まず、1.5ミリリットルの微量遠心チューブにGUV外部緩衝液を調製します。スペルミジン、ATP、GTP、CTP、UTP、クレアチンリン酸、酢酸マグネシウム、グルタミン酸カリウム、HEPES、水酸化カリウム、フォリン酸を混合。グルコース、およびアミノ酸ストック。
超精製脱イオン水を加えて、溶液の最終容量を1ミリリットルにします。次に、ドラフトで、15ミリリットルのガラスバイアルに17.3マイクロリットルのPOPCストック溶液を追加します。これに、PEO-b-PBD共重合体1.08マイクロリットルをピペットで。
ガラスバイアルにアルゴンガスをゆっくりと吹き込み、バイアルを回転させてクロロホルムを蒸発させます。次に、1.2ミリリットルの軽質鉱物油をガラスバイアルにピペットで入れます。脂質と油を最高速度で10〜20秒間渦巻きます。
ガラスバイアルを摂氏約50度のオーブンに20分間入れてから、最高速度でさらに10〜20秒間ボルテックスします。次に、270マイクロリットルのGUV外部溶液を1.5ミリリットルの微量遠心チューブにピペットで移します。これに、5モルの塩化ナトリウムと4.5モルの塩化カリウムをそれぞれ15マイクロリットルでピペットします。
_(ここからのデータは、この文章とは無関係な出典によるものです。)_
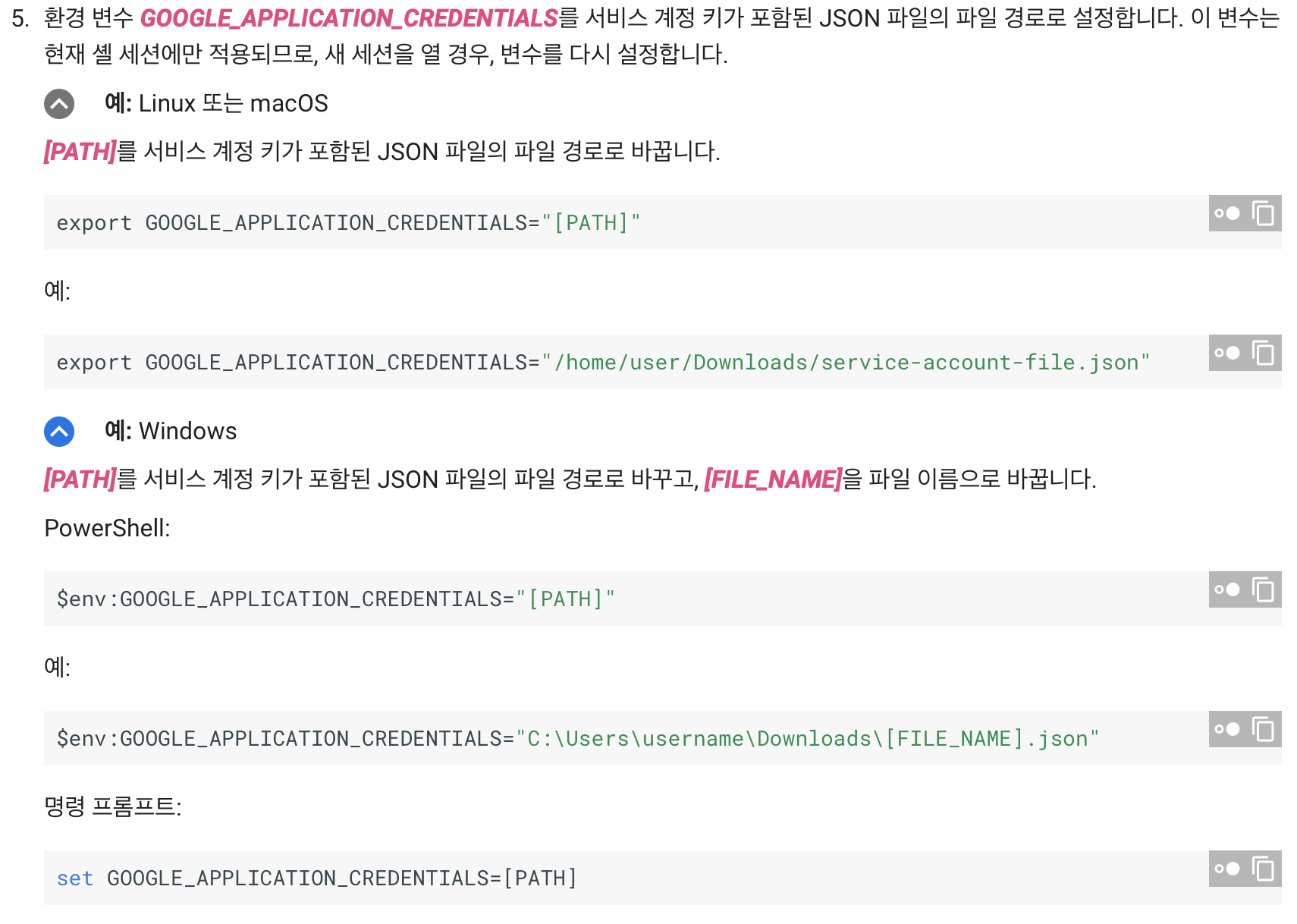 구글은 보안을 위해서인지 API키 파일을 통해 직접 API서버에 접속하지 않고 SDK를 통해서 API를 관리합니다.
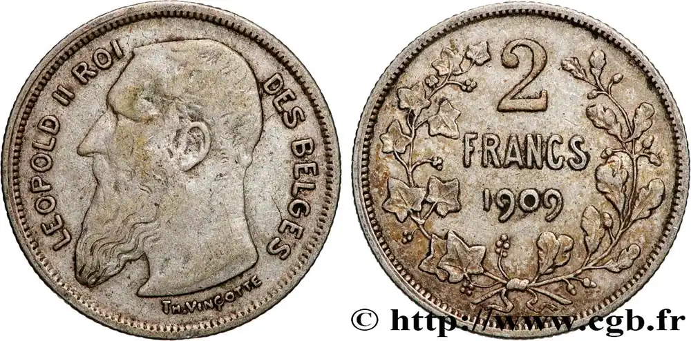 BELGIQUE – ROYAUME DE BELGIQUE – LÉOPOLD II 2 Francs légende française 1909 fwo_898648 Monde Garantie Incluse
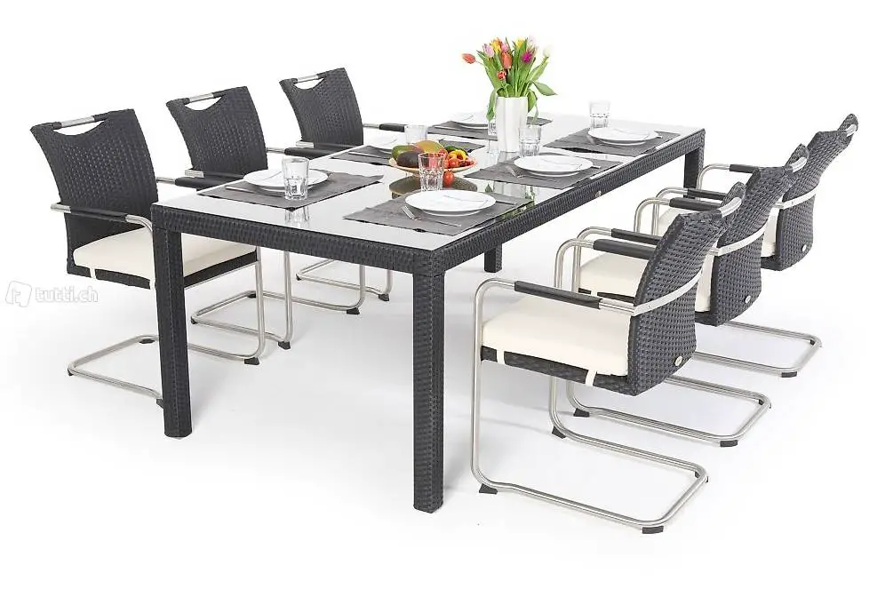 Mit dem Nevia Rattan Tischset liegen Sie absolut im Trend! Das Esstischset beinhaltet einen praktischen Tisch in der Grösse 220x100cm und sechs Swing Stühle. Neben dem exzellenten Sitzkomfort besitzt das Rattan Tischset auch eine absolut elegante Optik. Diese Rattan Sitzgruppe passt durch seine klassische Farbe in jeden Wohnbereich sowie Garten und verspricht gemütliche Stunden und ein entzückendes Ambiente.
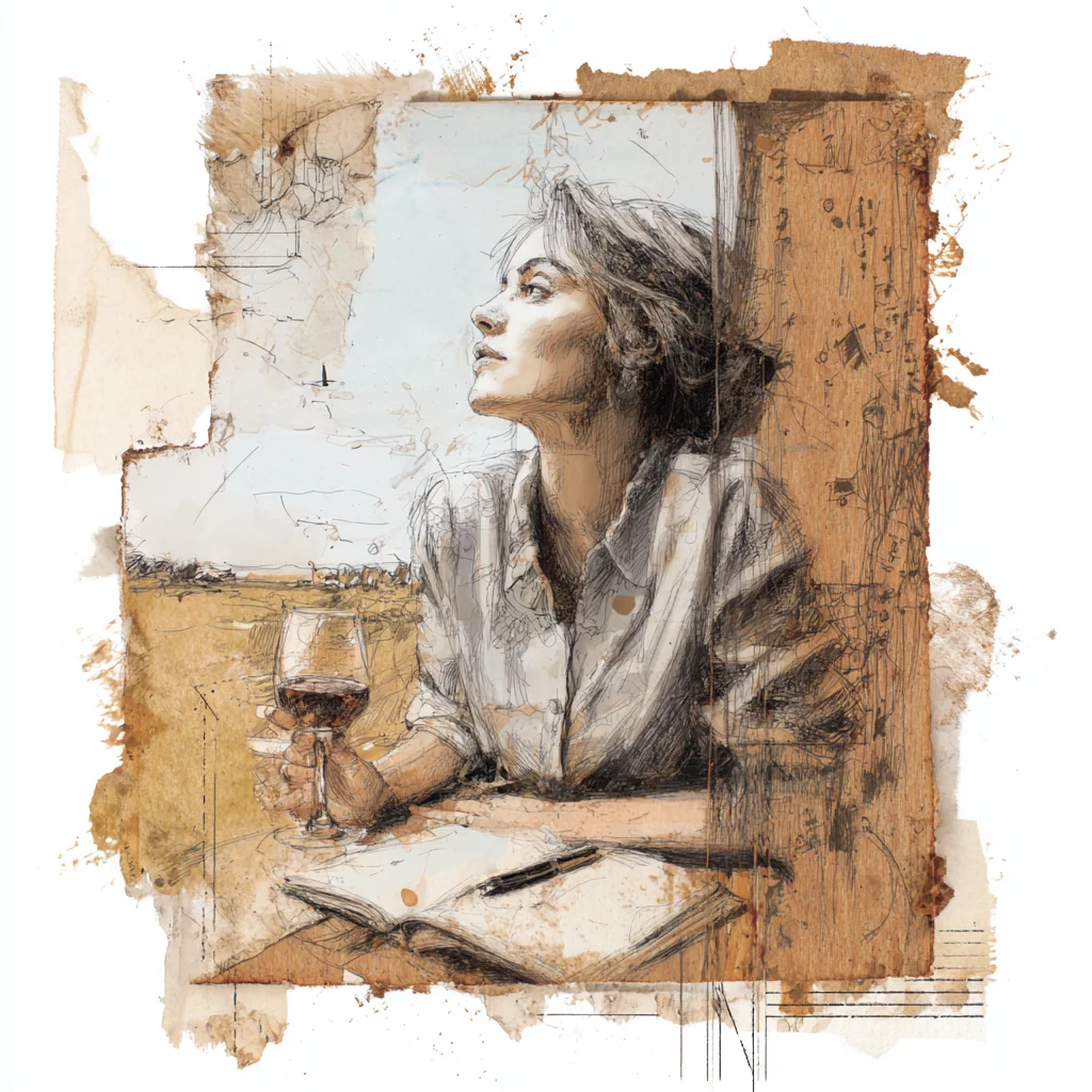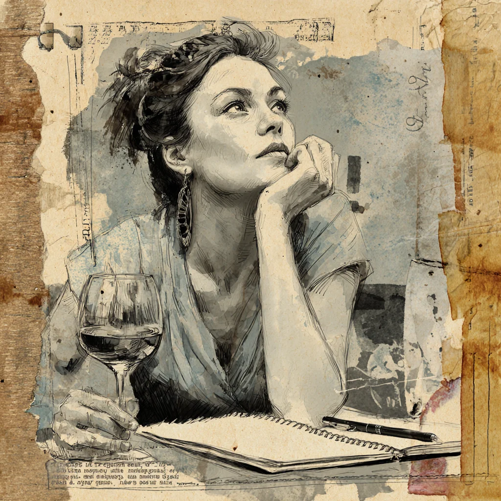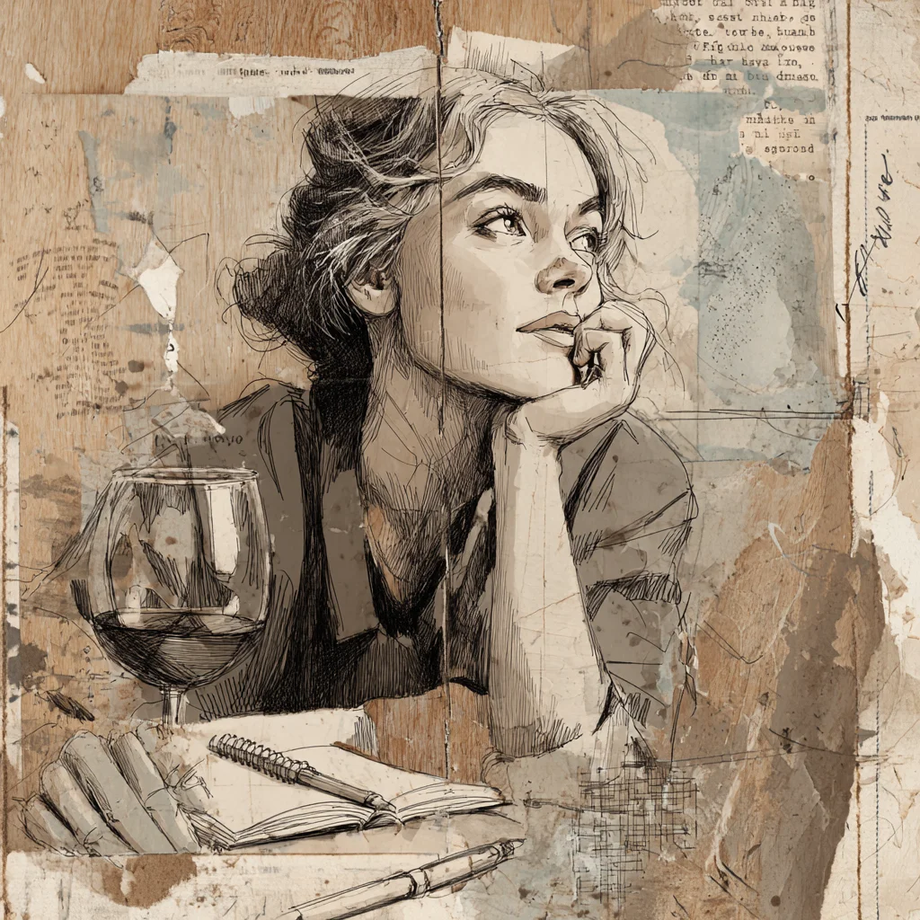 El papel rugoso recibe la tinta igual que mi memoria recibe el vino: absorbiendo cada gota, dejando una marca indeleble. Escribo cartas que no voy a enviar, describo silencios que ya no nos pertenecen, y dibujo rostros que el tiempo empieza a borrar.

GUVアウターソリューションの上に300マイクロリットルの脂質と油の混合物を静かにピペットで移します。インキュベーション後、溶液1〜3、可溶性sfGFPまたはグルタミン酸受容体sfGFPの変異体をコードするDNAプラスミド、マウスRNAse、および1モルのスクロースをバイアルにピペッティングしてCFE反応を組み立てます。超純脱イオン水を加えて、反応量を20マイクロリットルにします。
20マイクロリットルの反応混合物が入った微量遠心チューブに、600マイクロリットルの脂質-油混合物を加えます。ピペットで1分間激しく上下に動かし、反応を乳化します。チューブ内のオイル層の上にインナーエマルジョンをやさしく重ねます。
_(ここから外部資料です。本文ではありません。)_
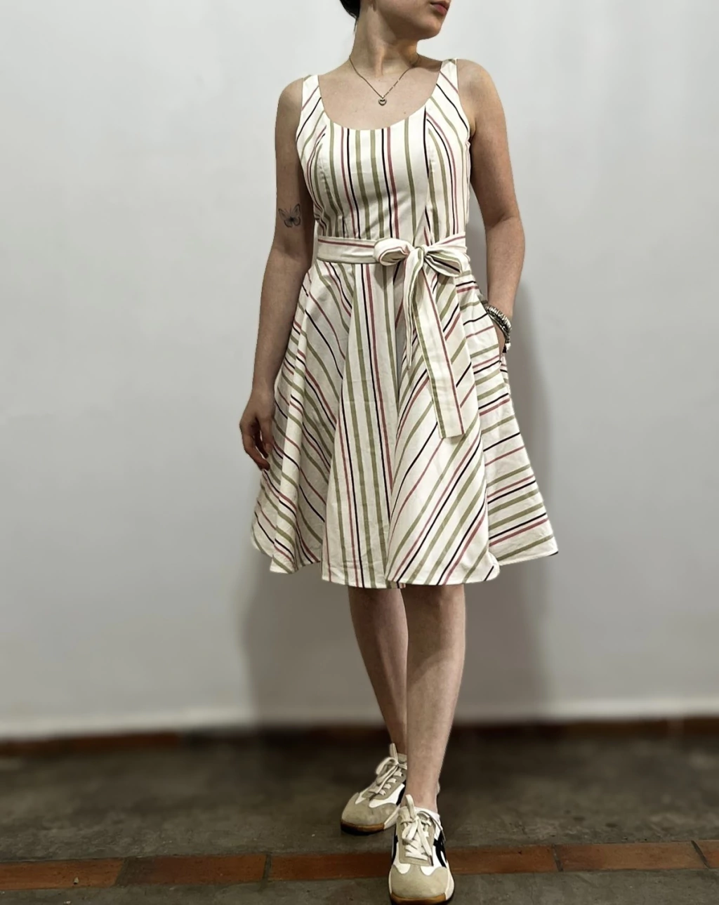 Vestido Beleza: a combinação perfeita entre conforto e estilo para o seu dia a dia. Confeccionado em algodão de alta qualidade, possui bolsos embutidos práticos e um peito forrado que garante acabamento impecável. Acompanha um cinto no mesmo tecido para valorizar sua silhueta, enquanto as costas decotadas adicionam um toque de elegância e frescor. Uma peça versátil, ideal para quem busca beleza e funcionalidade em um só vestido.
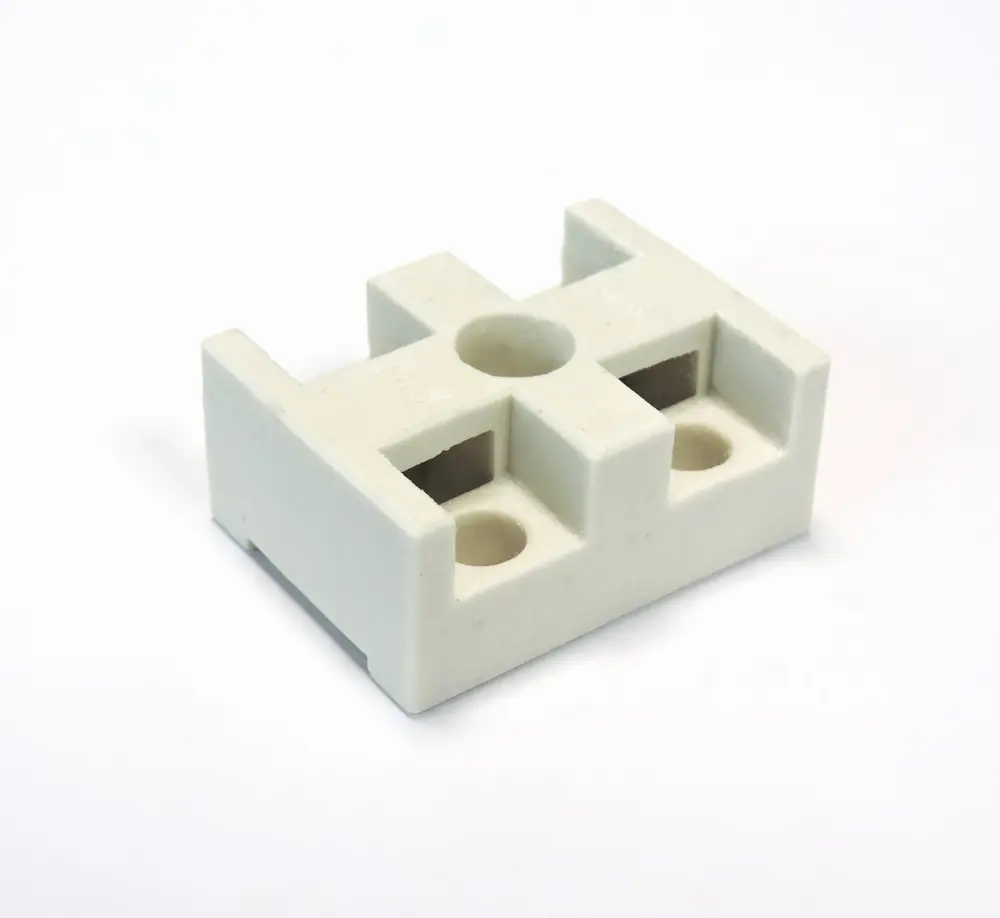 Bloc terminal bipolaire en céramique technique sans contacts, pour la connexion des câbles électriques dans les réseaux de distribution civils et industriels. Ces bornes, grâce à leurs excellentes propriétés de résistance thermique conférées par la céramique, sont utilisées dans des machines telles que les fours électriques, les chauffages électriques et les équipements nécessitant une très haute résistance à la température.

摂氏4度で2000gで10分間遠心分離します。次に、マイクロ遠心チューブから余分な油と外部溶液を慎重にピペットで取り出します。GUVペレットを残りの溶液に穏やかに混合して再懸濁します。
GUV溶液を清潔な96ウェルの透明な平底プレートに移し、インキュベーションします。密封したプレートをプレートリーダーに移し、摂氏37度で5〜6時間インキュベートします。インキュベーション後、プレートを倒立共焦点顕微鏡に置きます。
GUVを含む関心領域に焦点を合わせ、488ナノメートルの励起波長で画像をキャプチャします。画像をTIFF形式で保存します。画像処理ソフトウェアで画像を開きます。
明るさ/コントラスト設定パネルをクリックして開きます。次に、明るさとコントラストを調整して、蛍光タンパク質が見えるようにします。GUVにカプセル化された野生型グルタミン酸受容体無細胞発現反応は、優れた発現と膜局在を示しました。
PRSP-グルタミン酸受容体は凝集し、点状形成されやすいという問題がありました。可溶性sfGFPはGUVSで発現し、GUVルーメンに留まりました。